From the latest data, the number of PR hopefuls has gone up from 410,000 to 530,000 over the past two years. IRCC has managed to ease off its Express Entry backlog by 4,292 persons since mid-April this year after invitations were paused since September 2021. The Express Entry draw for economic class migrants under the Federal Skilled Worker Program (FSWP), the Federal Skilled Trades Program (FSTP), and the Canadian Experience Class (CEC) categories grants PR status based on a points-based system for candidates who meet all eligibility criteria. It is expected to reopen by early July this year.

According to CIC, IRCC’s measures to expedite application processing entail adding more staff to its 11,000 employees, on top of digitizing the immigration system with a budget of 827 Canadian dollars.

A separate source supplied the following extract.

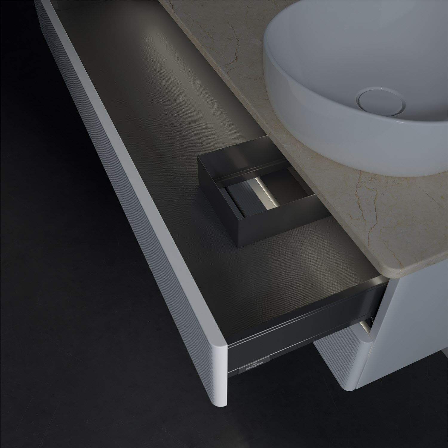 - kein Umfallen oder Verrutschen von Pflegeprodukten in den Schubladen dank rutschhemmendem Boden
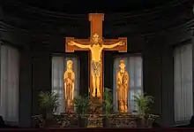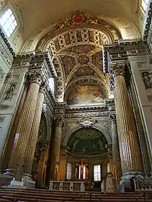 The present interior is emphatically Baroque, giving an impression of majesty and grandeur. Among the works of art are an Annunciation by Ludovico Carracci (a fresco in the central lunette of the presbytery), a Romanesque Crucifixion in cedarwood, and a sculptured group in terracotta depicting the Compianto su Cristo morto ("Lament over the Dead Christ"), by Alfonso Lombardi, of the early 16th century. In the apse are early 20th-century paintings by Cesare Mauro Trebbi (1847–1931) including Saint Anne in Glory.[1]

The move has been effective in improving operations in the past few months, as it helped IRCC make 156,000 permanent residence applications in the first quarter of 2022.

News on immigration in Canada: Uncertainty for some international graduates

The waitlist has left many in Canada with temporary resident status including international graduates with post-graduation work permits (PGWPs) — on immigration limbo. Just last month, IRCC announced a new open work permit for PGWP holders with permits expiring between January 31 and December 31 this year to continue working in the country.

“Starting in summer 2022, former international students who are in Canada and have a post-graduation work permit expiring between January and December 2022 will qualify for an additional open work permit of up to 18 months,” the official statement read. “We are exploring a simplified, expeditious process for this, and details will be made available in the weeks ahead.”

The new open work permit conditions left out many temporary residents who narrowly missed the mark for a shot to remain in Canada. “This is not fair. We are people as well, we were just unlucky that our work permits expired in December. Luck should not be a factor in the PGWP extensions. What is our fault? Tara Emami, an Iranian graduate from the University of Toronto, who is ineligible for the open work permit as her PGWP expired in December 2021, was quoted saying.

News on immigration in Canada

The conditions stipulated in the new open work permit planned for PGWP holders exclude many candidates who have been on the waitlist for a change in their immigration status to remain in Canada. Source: Geoff Robins/AFP

PGWPs are a one-time deal permitting international students who have graduated from Canadian learning institutions to work up to three years. It’s often the first step taken for a shot at PR eligibility under the Express Entry system, which requires at least one year of Canadian working experience for PGWP holders. Once the permit expires, they will need to apply for a change in status if their bid to become a new immigrant fails.

“We have done nothing wrong and yet we are not eligible for the past PGWP extension, this one, and by the time the Express Entry draws resumes, it’s going to be too late for us,” added Emami. “We need permanent resident status for all of us immediately.”